Vusi Mona is absurdly out of touch with reality
Mark Ridgeway, the COO of the Electronic Toll Collection (ETC), was recently quoted as saying (Business Report, 26th November 2015); “a total of R5.9 billion in e-tolls was outstanding at the 60 percent discounted rate in terms of the new dispensation… with 81% of this debt being held by 17% or 518,000 account holders [freeway users]”. Extrapolated, this means that there are 3,047,000 of the “3,34 million freeway account holders” who have not paid, according to Mr Ridgway’s statement.
“These are not OUTA’s figures, they are ETC’s,” says Wayne Duvenage, OUTA’s Chairman, “Yet Mr. Mona claims that they have ‘1.2 million registered e-toll users of whom about 500 000 belong to fleets and 80 000 to government vehicles’. So while Mr Mona’s smoke and mirror talk tries to hide behind statistics of vehicles registered on SANRAL’s system, the collection figures tell the real story and indicate a substantial abandonment of the scheme, even by previously registered users. Mr Ridgeway’s information concurs with OUTA’s research, whilst Mr Mona’s ongoing inflated and misleading claims remain at odds with reality.
As regards to Mr Mona’s claim that six courts have upheld e-tolls as being legitimate, this is not correct, as no court has found on the legitimacy of e-tolls. However, a court has found that the GFIP toll roads were not legitimately proclaimed because SANRAL did not provide all the information to place the Minister of Transport in a position to make an informed decision (HMKL 3 Investments vs SANRAL 2011). The courts also found that the N4 toll road to Mpumalanga was not proclaimed in a lawful way (State vs. Smit, 2006). In other words, the courts have found, at least twice (three times if you include Western Cape Winelands toll saga) that SANRAL operates outside the very laws it wishes citizens to uphold.
In reference to Mr Mona’s anxiety about OUTA’s growing contributions from its public and business supportership base, we believe these active citizens are being driven by the following two reasons; firstly out of principle and solidarity against the abusive extraction of the e-toll tax and secondly, because the Opposition to Urban Tolling Alliance (OUTA) has geared its operation to offer the country’s motoring public the most potent defense against SANRAL’s coercive tactics and threats of prosecution.

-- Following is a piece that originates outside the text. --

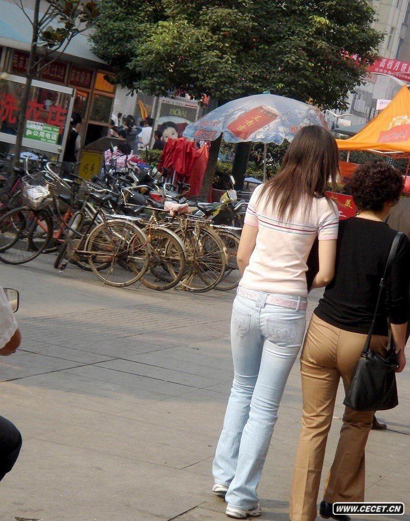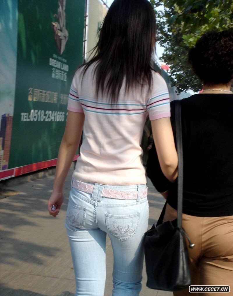 齊東路街拍牛仔褲美女
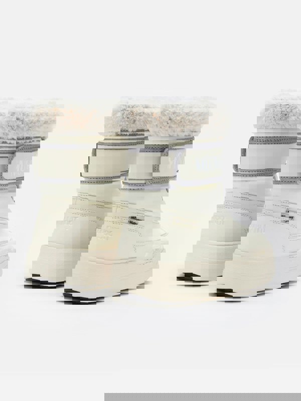 Moon Boot Girls JR Park Strap Boots in ivory bring a clean, modern look to AW2024. The ivory finish keeps the design simple and versatile, while the strap fastening adds a practical touch for everyday wear. A soft interior lining provides added comfort and warmth, making them a suitable option for colder days.

Furthermore, it is clear to us more than ever before that the scheme has now officially failed, following Mr Mona’s admission that less than 1% of the outstanding e-toll debt has been collected (R40 million of R5,9 billion) in the first and most critical month of the six months dispensation. “This is like inviting 100 people to your party and only one person arrives, making it a bigger failure than the most pessimistic projections could have anticipated.” says Duvenage,
Contrary to Mr Mona’s claim that OUTA ‘breaks down – it does not build’, we uphold that OUTA is a responsible civil intervention organization that builds a stronger country by thwarting state owned organisations from abusing their position of power without consequence.